The stocks aren’t illiquid from the very beginning. Instead, certain market conditions lead to such a problem, which is why we have discussed some factors that can lead to extremely low liquidity.
- Most often, investors are not that much interested in certain stocks. As a result, they remain in the liquidity pool, which is why they cannot yield exact returns and the stocks become illiquid.
- Also, if the trading volumes of the stocks are not high enough, it cannot be easy to sell or exchange them. This is one of the many reasons the stocks will become illiquid soon, and the liquidity levels can drop to almost zero.
- If certain stocks continue to witness a downtrend for several consecutive days, their liquidity level will automatically drop because selling or exchanging the shares won’t be lucrative.
- The difference between the bid and ask prices is known as the spread. The spread is often not that high, which is why the stock market is often said to have high liquidity. However, if the spread value increases, it will become harder for the stockholders to sell the assets if the difference between the bid and ask prices increases.
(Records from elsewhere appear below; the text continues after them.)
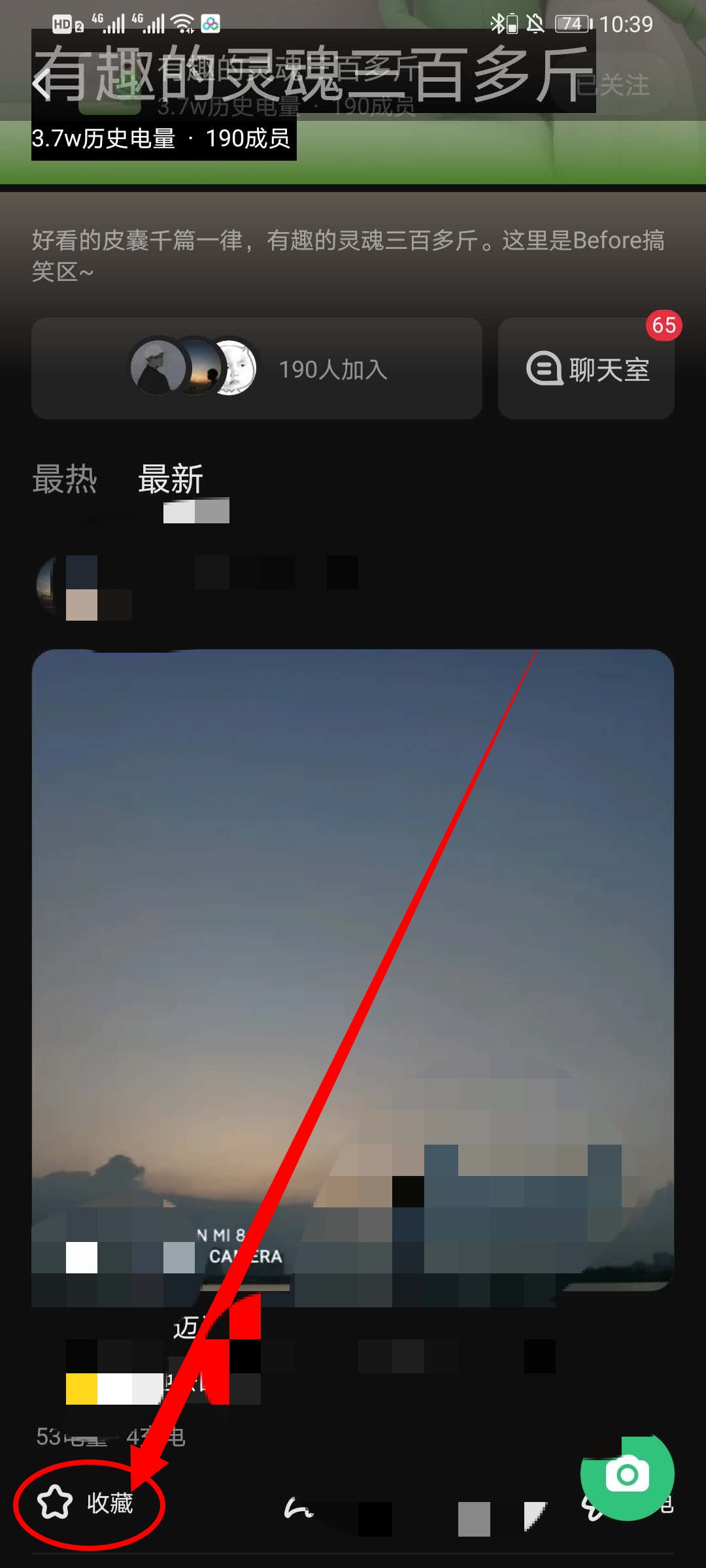 4、在小组界面,在界面中下滑查看作品,在作品的左下角点击收藏即可。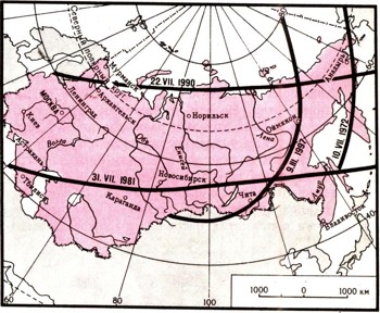 За последние 20 лет полное солнечное затмение посещало Россию трижды: 31 июля 1981 года – полоса прошла по югу Сибири, 22 июля 1990 года – лунная тень очертила побережье Северного Ледовитого океана, захватив Таймыр и Чукотку и Следующее будет 1 августа 2008 года – тень пробежит по Западной Сибири.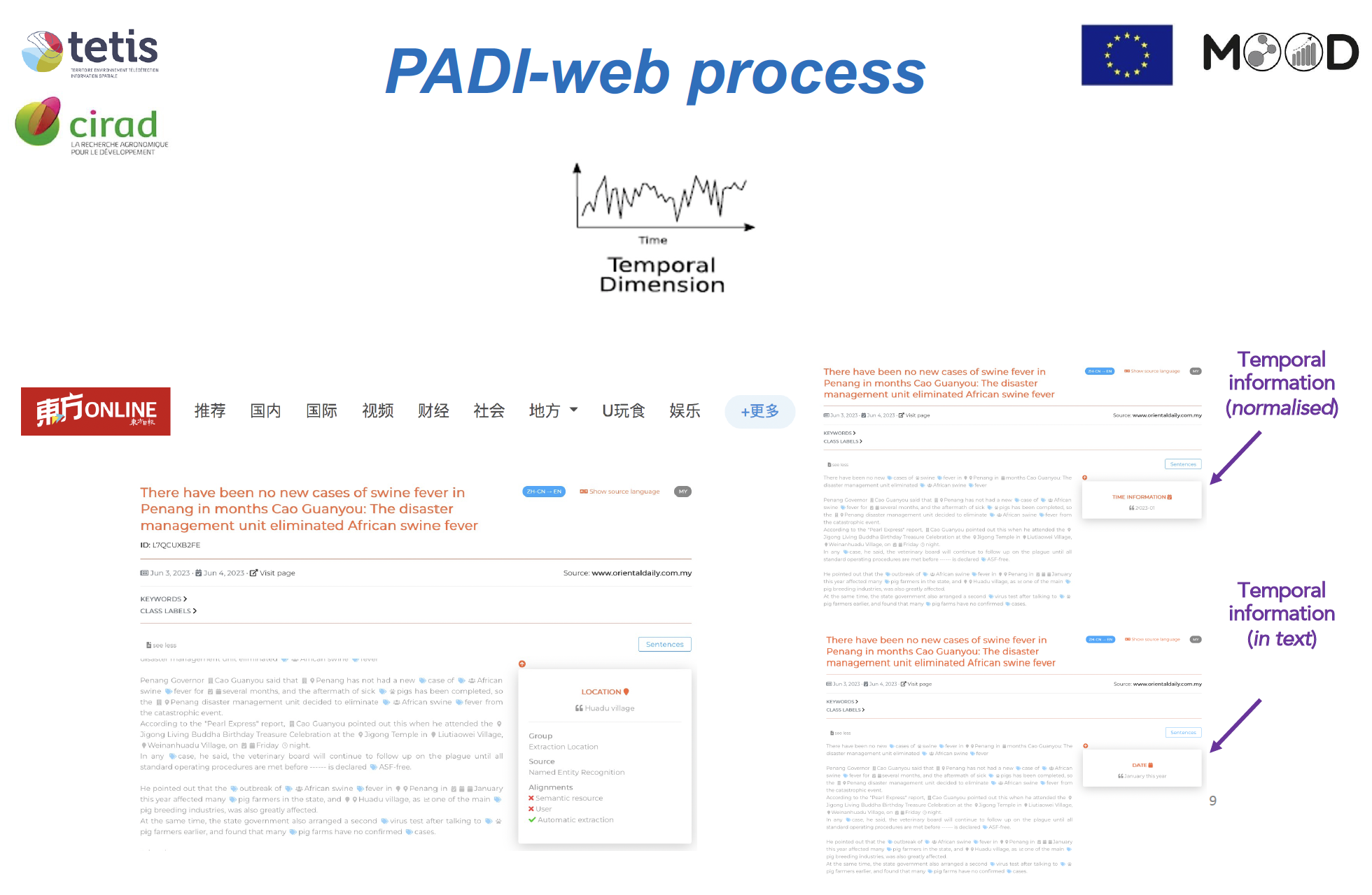 Lors de la session consacrée à la veille événementielle, Mathieu Roche a présenté les méthodes en IA développées pour analyser les informations spatio-temporelles et thématiques issues des médias via la plateforme PADI-web. Cette intervention a été suivie de deux présentations illustrant l’application de ces approches en santé animale (UMR ASTRE) et en santé des plantes (UMR PHIM et ESV). L’ensemble met en lumière la dimension pluridisciplinaire des travaux menés au sein de TETIS, pleinement inscrits dans la démarche One Health / Une seule santé, à l’interface entre environnement, santé et société.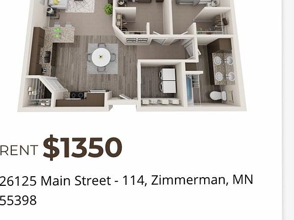 Brand new apartment complex! Cute, affordable, and so easy to apply for! AVAILABLE NOW ** I will pay your first months rent if you move in BEFORE April 1st,2020 ** Hi There! I am terminating my lease due to personal reasons and seeking a new renter! This apartment is adorable and love how simple the building is! Gina is the site manager and she is amazing. **Photos from Depot On Main.com and/or their display photos of the 1 bedroom from their Facebook listing** Please read below for more details: Income requirement: 1.5 times your income. Brand new 65-unit Apartment Complex located in Zimmerman. Non-Smoking Building 2 Bed / 1 Bath: $1350 Utilities included with rent: Heat, Water/Sewer, Trash/Recycling Tenant pays electricity. FREE Wifi is included! Security deposit is equal to one month's rent. Free off-street parking is available in the parking lot. Optional underground parking garage stalls are $100 per month. Dogs (& Cats welcome: 2 pet maximum allowed per apartment $250 Security Deposit (refundable) per pet $40 Fee (non-refundable) per pet $25/month per pet Pets must be spayed/neutered. Building & Grounds Amenities & Highlights: * Community Room (w/ outdoor deck) * Fitness Room * Trash Chute * Playground * Spacious Floor Plans * Balconies/Patios * Granite Counter Tops * Full-Size Stainless-Steel Appliances * Front Load Washer & Dryer in each unit * Center Island in Kitchen * Plank Flooring (kitchen) & Carpeting (most remaining) * Window Treatments * Large Pantries (most apartments) * Car Wash Stall (within underground parking garage) * Monitored Camera Entrances * Large-Capacity Elevator * On-Site Management * 24/7 Luxer One Package Lockers Apply on our website: www.depotonmain.com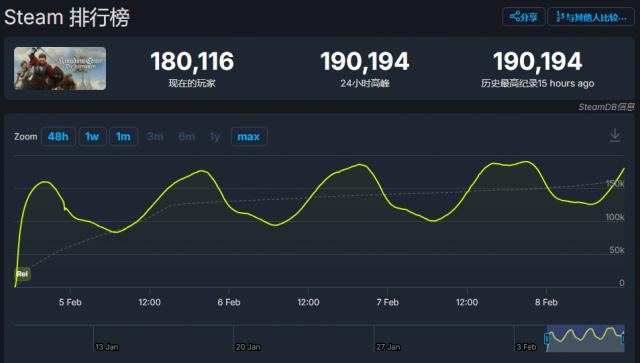 SteamDB 资料显示,这个作品在 Steam 该平台的在线峰值再创新高,已达到新高 190,194 人类,截至发稿时仍有近似 18 游戏中的万玩家。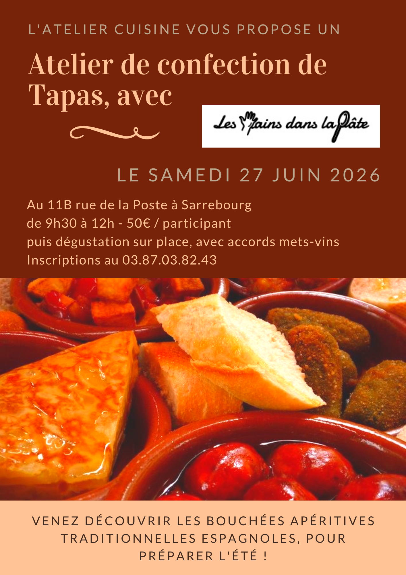 Venez découvrir les bouchées apéritives traditionnelles espagnoles, pour préparer l’été… Dégustation sur place à l’issue de l’atelier, accords mets-vins.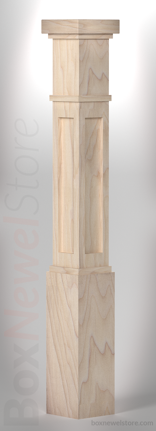 Box Newel Store Craftsman Poplar Box Newel, SFI Craftsman Cap with Square Trim, Craftsman Lower Recessed Panels, Craftsman Trimband, Loose Basewrap with Craftsman Trim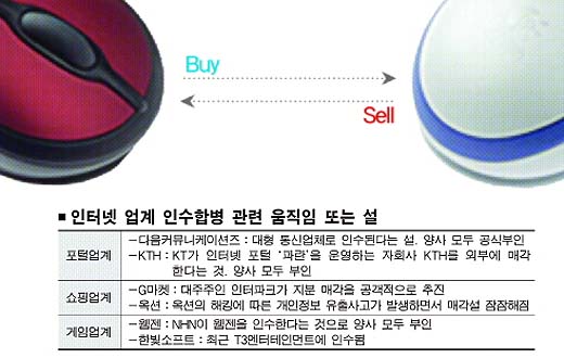 인터넷 업계가 포털·쇼핑·게임 등 다양한 사업영역에서 인수합병(M&A) 논의에 휩싸여 있다.M&A의 주체나 대상들이 해당업체의 의사에 상관없이 거론되고 있다.M&A 짝짓기를 둘러싸고 섣부른 억측도 난무한다. 분명한 것은 사업구조나 재무구조상 극한상황에 내몰린 기업도 늘었고, 반대로 다른 기업을 사들이는 방식으로 경쟁력의 강화를 꾀하려는 기업들도 늘었다는 것이다. 이런 측면에서 인터넷 업계의 ‘M&A 빅뱅’은 시기의 문제일 뿐 곧 현실화할 기정사실로 받아들이는 사람들이 적지 다.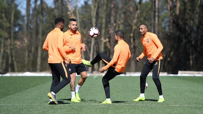 Ранкова сесія пройшла в полегшеному форматі. Паулу Фонсека розділив гравців на групи, і вони брали участь в командних в естафетах. Завтра у футболістів вихідний. «Шахтар» відновить тренування в суботу, 30-го березня.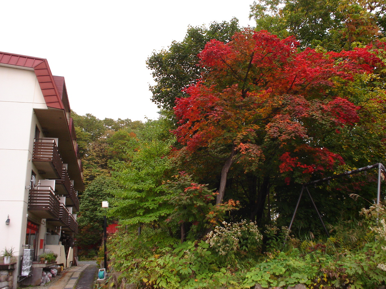 b68c4ade.JPGル・ベール蔵王玄関前8度秋晴、今日17時より蔵王エコーライン朝8時迄夜間通行止めになりました。現在のところ11月3日17時より来年4月下旬迄冬季閉鎖になる予定ですが蔵王温泉観光協会では昨年同様11月中旬迄通行出来るよう運動中です。標高1.400m以上は夜間冬になってきたと考え対処する必要があります。写真は紅葉が始まったル・ベール蔵王玄関前です。今週末にはもっと紅く綺麗になると思われます。祓川登山道のぶな林黄葉が素晴らしく所々の紅葉が更に美しくしています。蔵王ロープウエー山麓線に乗車しユートピア夏山リフトから中央への連絡コースから祓川登山道に行くトレッキングが紅葉・黄葉見頃です。足首が固定出来る登山靴を履いてお出でになって下さい。登山道がちゃがちゃといっていいほど荒れているところがあります。

How to Identify Illiquid Stocks?
You may come across many Illiquid stock lists; however, identifying illiquid stocks involves recognising certain telltale signs. Various sources provide illiquid stock lists in the Indian market. These lists are based on criteria such as average daily turnover, market capitalisation, dividend history, profitability, promoter shareholding, and book value. The lists are updated periodically to reflect the changes in the market conditions and the liquidity of the stocks.
One of the sources that provide lists of illiquid stocks is the BSE (formerly Bombay Stock Exchange). The BSE identifies illiquid securities at the beginning of every quarter and moves them to a periodic call auction mechanism.
Here are key indicators:
- Low Trading Volume: Illiquid stocks typically have low daily trading volumes.
- Frequent Value Drops: These stocks often exhibit regular declines in their values.
- Wide Bid-Ask Spreads: There is a substantial difference between the bid and ask prices.
- Lack of Institutional Interest: Institutional investors tend to show limited interest.
- Difficulty in Trading: Illiquid stocks are hard to trade compared to their liquid counterparts.
Value Erosion on Sale: They may experience significant value loss upon sale.
How to buy illiquid stocks with ease?
If you want to hold illiquid assets for a long time without their prices being exposed to market disruptions, the following are some ways to do so.
- The first thing to do is buy the illiquid stocks based on a certain limit order. It means that the broker can follow a predetermined minimum or maximum price while selling the stocks.
- Choose a brokerage platform that charges a commission fee below 1% so that you won’t have to pay any more on the trade, especially given that the cost price of the illiquid stocks will be quite high.
- If you want to buy ‘n’ a number of illiquid stocks or shares, do not invest in a lump sum manner. In other words, invest in multiple asset blocks to make selling them easier later.
- Do not fall for the bid price changes for illiquid stocks. This is because the bid might be high at order time but quite low during order execution. So, once you get the assets, hold them back and do not sell them.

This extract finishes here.